China marks World Table Tennis Day with massive nationwide celebrations
Guiyang drew over 1,000 players, but China’s World Table Tennis Day spread to 100-plus parks and 16,600 people nationwide, turning April into a grassroots takeover.

China did not treat World Table Tennis Day like a one-city photo op. It turned the lead-up into a nationwide grassroots push, with Guiyang as the flagship stage and more than 100 parks pulling the sport into public life across 29 provinces, regions and municipalities from April 18 to 20.

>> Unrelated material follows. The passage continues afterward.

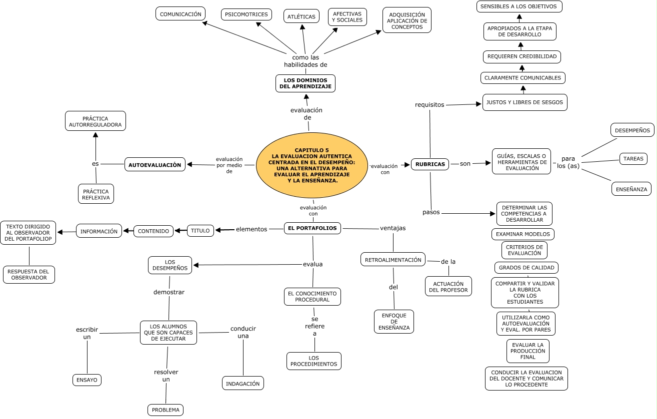 Este Cmap, tiene información relacionada con: CAPITULO 5, REQUIEREN CREDIBILIDAD ???? APROPIADOS A LA ETAPA DE DESARROLLO, AUTOEVALUACIÓN es PRÁCTICA REFLEXIVA, JUSTOS Y LIBRES DE SESGOS ???? CLARAMENTE COMUNICABLES, EL PORTAFOLIOS elementos CONTENIDO, LOS DOMINIOS DEL APRENDIZAJE como las habilidades de COMUNICACIÓN, LOS DOMINIOS DEL APRENDIZAJE como las habilidades de ADQUISICIÓN APLICACIÓN DE CONCEPTOS, LOS DOMINIOS DEL APRENDIZAJE como las habilidades de AFECTIVAS Y SOCIALES, LOS ALUMNOS QUE SON CAPACES DE EJECUTAR resolver un PROBLEMA, EL CONOCIMIENTO PROCEDURAL se refiere a LOS PROCEDIMIENTOS, RUBRICAS son GUÍAS, ESCALAS O HERRAMIENTAS DE EVALUACIÓN, RETROALIMENTACIÓN de la ACTUACIÓN DEL PROFESOR, EL PORTAFOLIOS elementos TITULO, EL PORTAFOLIOS evalua LOS DESEMPEÑOS, COMPARTIR Y VALIDAR LA RUBRICA CON LOS ESTUDIANTES ???? UTILIZARLA COMO AUTOEVALUACIÓN Y EVAL. POR PARES, CAPITULO 5 LA EVALUACION AUTENTICA CENTRADA EN EL DESEMPEÑO: UNA ALTERNATIVA PARA EVALUAR EL APRENDIZAJE Y LA ENSEÑANZA. evaluación por medio de AUTOEVALUACIÓN, EXAMINAR MODELOS ???? CRITERIOS DE EVALUACIÓN, TEXTO DIRIGIDO AL OBSERVADOR DEL PORTAFOLIOP ???? RESPUESTA DEL OBSERVADOR, CAPITULO 5 LA EVALUACION AUTENTICA CENTRADA EN EL DESEMPEÑO: UNA ALTERNATIVA PARA EVALUAR EL APRENDIZAJE Y LA ENSEÑANZA. evaluación con RUBRICAS, RUBRICAS requisitos JUSTOS Y LIBRES DE SESGOS, LOS DOMINIOS DEL APRENDIZAJE como las habilidades de PSICOMOTRICES
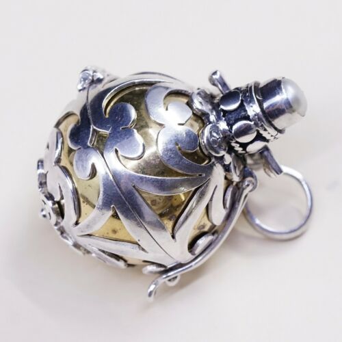 Vtg Two Tone Bali Handmade Sterling 935 Silver Pendant W/ Brass Chime Ball

The scale was the point. The main gathering in Guiyang on April 20 brought together more than a thousand participants under the theme Ping-Pong in Parks, Passion via Paddles, while the broader programme drew about 16,600 people nationwide. That kind of footprint says as much about table tennis’s place in Chinese daily life as any medal count ever could. The sport was not being sold as a spectacle for elites. It was being presented as something ordinary people already own.
That message came through in the activity mix. Ping-Pong in Schools put Olympic and world champion Liu Shiwen in direct contact with young players, turning a public celebration into a live lesson in what the top of the sport can look like up close. The Hundred Tables, Thousand Players challenge did the same in a more chaotic, more honest way, transforming a public square into a shared playing floor where participants from age 7 to 77 were hitting, rotating and connecting at the same time. That age spread matters. It is the difference between a ceremonial event and a real community sport.

The opening ceremony also leaned hard into place. Local performances from Guizhou province sat alongside the table tennis programming, which gave the day a regional identity instead of a generic national script. Leandro Olvech, Liu Shiwen in her role as chair of the ITTF Athletes’ Commission, CTTA secretary general He Xiao and local government representatives were all present, underscoring how the event was backed by the international federation, the Chinese federation and city-level authorities at the same time. Guiyang is clearly trying to position itself as more than a host city here; April 2026 also includes the CTTA National Sport in Parks Outdoor Table Tennis Series.
World Table Tennis Day itself falls on April 23 and has been celebrated since 2015. It honors Ivor Montagu, who organized the first World Table Tennis Championships in 1926 and founded the ITTF. This year carries extra weight because it marks 100 years of the ITTF and the first World Championships. Petra Sörling’s message framed the day around joy, connection and cross-border community, and China’s celebration gave that idea a concrete shape: packed parks, open tables and a sport that still feels stitched into everyday life.